In the Restart options section, select an option to specify whether computers must restart automatically after patches install.
- Do not restart automatically: If you select this option, users see a message indicating that their computer must restart and can select whether to restart immediately or later. If the latter is selected, a reminder appears 24 hours later.
  
  On computers with a Linux operating system without a GUI, users receive a message that their computer must restart to complete the patch installation.
- Restart automatically: See Automatically restarting computers
Click Save. The task is added to the list of configured tasks. However, it shows the Unpublished label, meaning that it is not yet active.
To publish a task, click the Publish button. The task is added to the Advanced EPDR task scheduler, which runs it in accordance with its settings.

When two or more patch installation tasks that require a restart overlap in time, Advanced EPDR restarts the computer when indicated by the task whose restart interval is closer in time. This prevents the computer restart from being postponed indefinitely when multiple successive patch installation tasks are chained together.

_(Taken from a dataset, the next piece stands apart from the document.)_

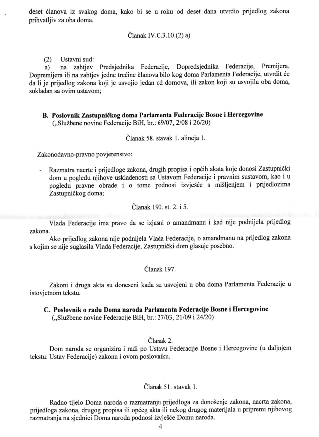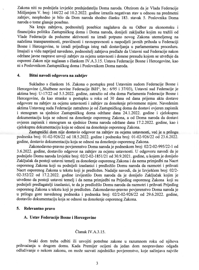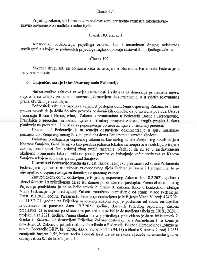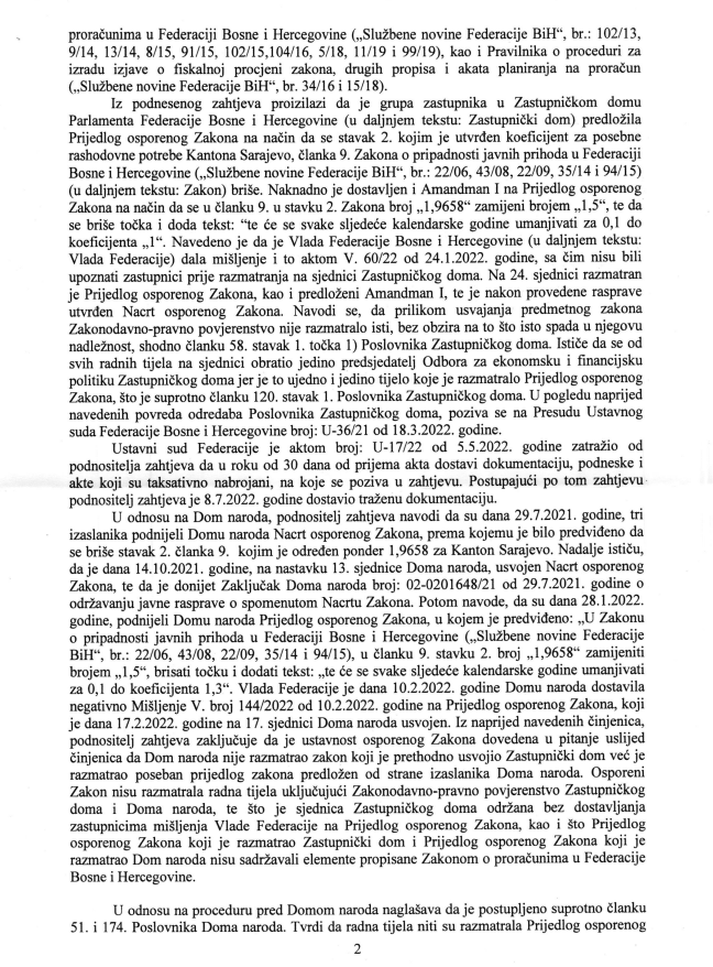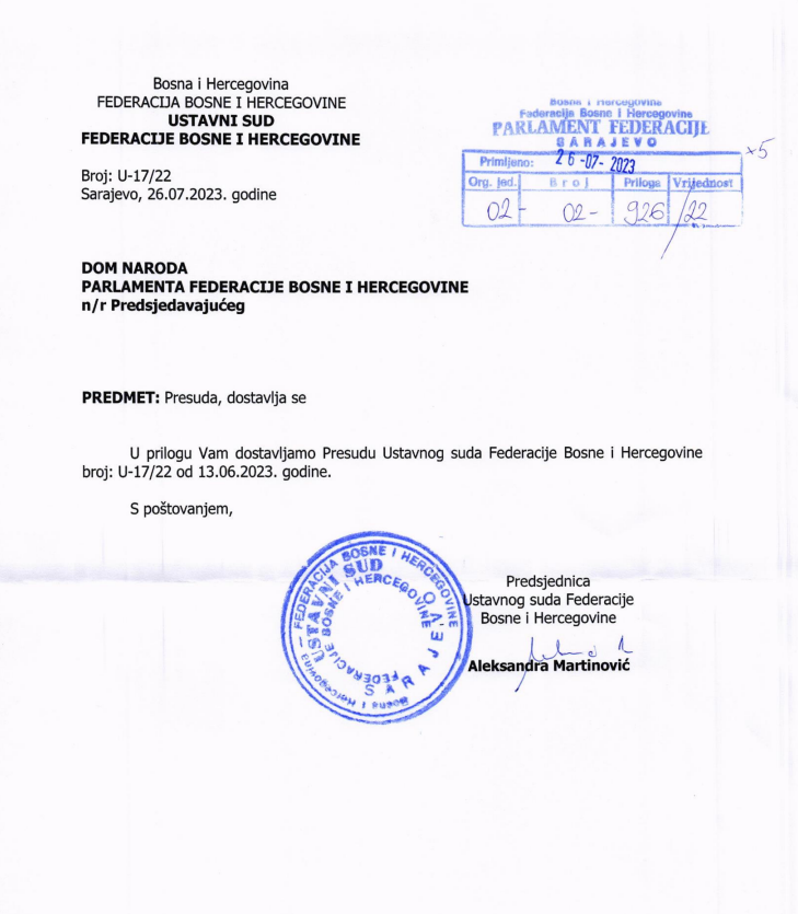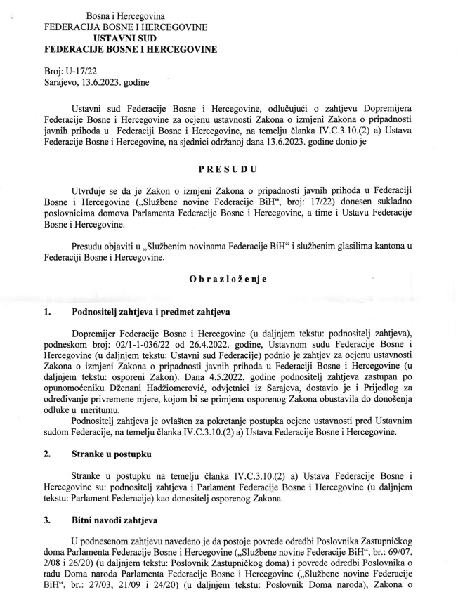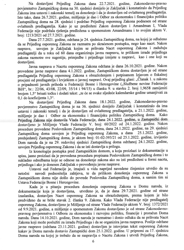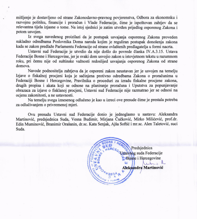 “Iz svega navedenog proizilazi da je postupak usvajanja osporenog Zakona proveden u skladu sa odredbama poslovnika Doma naroda kojim je regulisan postupak donošenja zakona, kada se zakon predlaže Parlamentu Federace od strane ovlaštenih predlagača u formi nacrta” piše u samoj presudi

Automatically restarting computers

To automatically restart computers only if any of the downloaded patches require it:

From the drop-down menu, select the type of computers that must restart:
- Automatically restart workstations only: Computers automatically restart after the update completes. You must restart servers manually.
- Automatically restart servers only: Servers automatically restart after the update completes. Users must restart computers manually.
- Automatically restart both workstations and servers: Computers and servers automatically restart after the update completes.
To set a restart interval from the moment a computer finishes downloading a patch:
- Select Delay restart.
- From the drop-down menu, select the time that must elapse before the computer restarts.
- When the restart time approaches, the security software shows a message. If the operating system uses a windowing environment, the message includes the Restart now button. The closer the time for the automatic restart, the more frequently the message appears. Eventually, the message appears in the foreground and you cannot minimize it.
To restart a computer during the time slot configured in the maintenance window assigned to it, select Restart only during defined maintenance windows. See Maintenance windows settings.

Lower versions of the security software

Lower versions of Advanced EPDR that do not enable you to specify the restart interval for computers set it to 4 hours automatically.

If the recipient computers have a lower version of the security software installed, they might not correctly interpret frequency settings. These computers interpret the task frequency settings as follows:

Daily tasks: Unchanged.
Weekly tasks: Recipient computers ignore the days selected in the task by the administrator in the latest software. The first run occurs on the specified start date and then runs again every 7 days.
Monthly tasks: Recipient computers ignore the days selected in the task by the administrator in the latest software. The first run occurs on the specified start date and then runs again every 30 days.